On Top Chef, the eliminations are not the responsibility of the other contestants, nor are they part of a strategic game. Instead, they’re based on subject evaluations of the contestants’ work by a panel of judges who often have to split hairs.
Last Chance Kitchen gives someone the chance to prove that their work is better than the work that got them eliminated, whereas Redemption Island effectively just nullifies the decision made by the other players.
I also appreciate that Last Chance Kitchen often shapes its challenges around the eliminated chef’s screw-up, giving them a chance for true redemption. That does make the whole exercise seem a bit sketchier, though, since it’s being created on the fly. Plus, having Tom Colicchio judge alone makes it even more subjective than the actual competition.
As it did last season, Top Chef decided that Last Chance Kitchen wouldn’t just be for eliminated contestants, but also for previous season’s contestants, turning it into “How About Yet Another Chance Kitchen.”
Carrie Baird, Brother Luck, and Jim Smith returned, with Brother burning his way through each competitor, old and new, just like he did last season.
You can’t have more of a Last Chance Kitchen ringer than Brother; even though he lost the final battle during Top Chef Colorado, he has a lot of experience, and that makes the playing field uneven, a thing I am going to keep pointing out even though every show does it now and no one seems to care.
Since we’re halfway through the season, and because the production can’t just leave things alone, the winner of the most recent Last Chance Kitchen battle re-entered the competition this week.
Having survived all of the initial rounds, Brother had to face off against Nini, who was recently eliminated from Top Chef Kentucky during the Restaurant Wars episode. Considering Nini’s elimination had precisely nothing to do with her cooking, Last Chance Kitchen was a great opportunity for her to redeem herself. After all, it involves cooking, not attempting to train a bunch of unskilled extras the producers brought in to overcomplicate the season’s most complicated challenge.

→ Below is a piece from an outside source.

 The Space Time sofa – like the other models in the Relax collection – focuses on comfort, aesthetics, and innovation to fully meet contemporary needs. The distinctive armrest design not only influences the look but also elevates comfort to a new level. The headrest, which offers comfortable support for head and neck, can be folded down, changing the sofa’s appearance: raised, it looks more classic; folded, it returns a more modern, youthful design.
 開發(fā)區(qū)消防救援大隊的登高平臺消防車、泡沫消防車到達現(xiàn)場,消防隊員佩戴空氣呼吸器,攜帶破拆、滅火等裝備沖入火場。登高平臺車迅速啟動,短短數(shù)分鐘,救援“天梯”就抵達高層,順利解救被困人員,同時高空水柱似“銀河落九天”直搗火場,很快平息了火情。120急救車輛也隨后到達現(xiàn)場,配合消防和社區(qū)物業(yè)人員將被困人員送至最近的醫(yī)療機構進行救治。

But even then, the producers couldn’t just have a straight-up showdown between Nini and Brother. No, they had to inject the real contestants into Last Chance Kitchen, to work as sous chefs for their friend (Nini) and someone they didn’t care about (Brother).
The clumsy attempt at getting the existing contestants to not just sit down and refuse to help Brother was that the producers basically turned Last Chance Kitchen into a team quickfire, with the winner getting an advantage for the elimination challenge. (That advantage turned out to be pretty inconsequential.)

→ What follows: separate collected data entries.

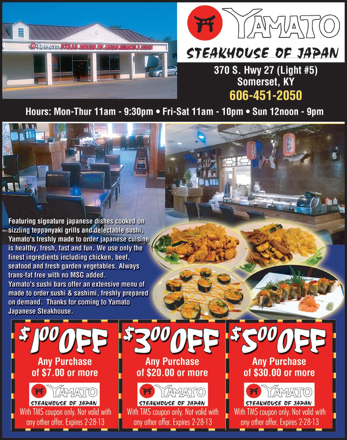 The BLACKEST of BLACK FRIDAY Sales! Huge Discounts Storewide! For every $100 Spent on Gift Cards, get a bonus $10 Card foR FREE! More Sale Details When You Enter The Store On Friday, November 27th! Special Black Friday Hours: 8AM-9PM 450 S Hwy 27, Suite 5 (across from Dairy Queen) Somerset, KY 42501 • (606) 425-4845 With TMS coupon only. Valid on Food portion of bill only, excludes alcohol. Not valid with any other offer. Expires 11/30/20. With TMS coupon only. Valid on Food portion of bill only, excludes alcohol. Not valid with any other offer. Expires 11/30/20. ANY PURCHASE FOOD With TMS coupon only. Valid on Food portion of bill only, excludes alcohol. Not valid with any other offer. Expires 11/30/20. 21184 PAC 0213 21184 PAC 0213 21184 PAC 0213 $5 OFF $10 OFF
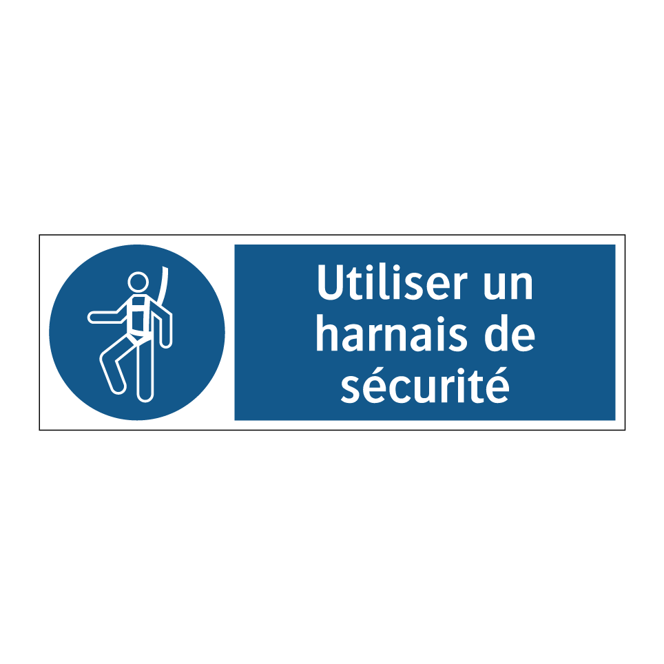 Panneau d'obligation avec le texte : "Utiliser un harnais de sécurité"
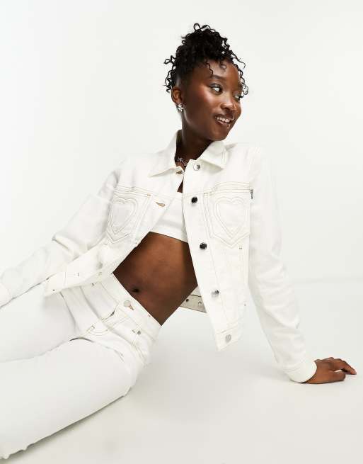 Love Moschino - Cropped denimjakke med hjerteformet syning i hvid - Del af sæt
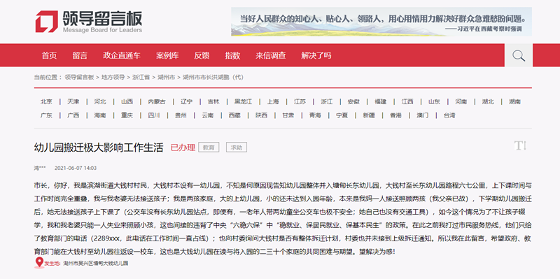 湖州吳興區濱湖街道大錢村村民鴻先生家是個二孩家庭,老大在上幼兒園,老小還沒達到入園年齡。因為夫妻倆工作繁忙,兩個孩子主要都是鴻先生的母親在帶。但隨著大錢村幼兒園整體并入離家六七公里外的塘甸長東幼兒園后,鴻先生一家為接送孩子的事情犯了難。因為新幼兒園門口沒有公交站點,且鴻先生的母親也不會騎車,所以接送孩子的任務只能落到夫妻倆身上。但夫妻倆又有工作在身,實在不方便接送孩子上學。于是,鴻先生在人民網“領導留言板”上求助:“希望政府、教育部門能在大錢村至幼兒園往返設一校車,這也是大錢幼兒園在讀與將入園的二三十個家庭的共同困難與期望。望解決為感!”

All of this helped create unnecessary ugliness: He’s not one of us. Why are you helping him. Et cetera.
And all of this unfolded too quickly and chaotically for it to be either good television or a decent challenge. It was just a wreck, a bad decision piled on top of a bad decision and burned in the toaster oven until it caught fire.
Brother won Last Chance Kitchen, and re-entered the competition—and then the universe balanced things out and Brother was eliminated again.
The production couldn’t have foreseen Brother screwing up the challenge so much—well, maybe it could have, since he essentially did the same thing that he did last season and ignored the challenge—so there was a bit of satisfaction in his quick reentry and flame-out.
Except: Now we’re now at the same place in the competition we were last week.
And then there’s the you’ve-got-to-be-kidding-me twist: Brother is going back to Last Chance Kitchen, so now we can just do this all over again. ???
Oh, and by the way, Top Chef Kentucky’s format for Last Chance Kitchen is pretty much exactly what Survivor Edge of Extinction is doing next season, minus the weekly challenges. What happened to competition shows just eliminating contestants?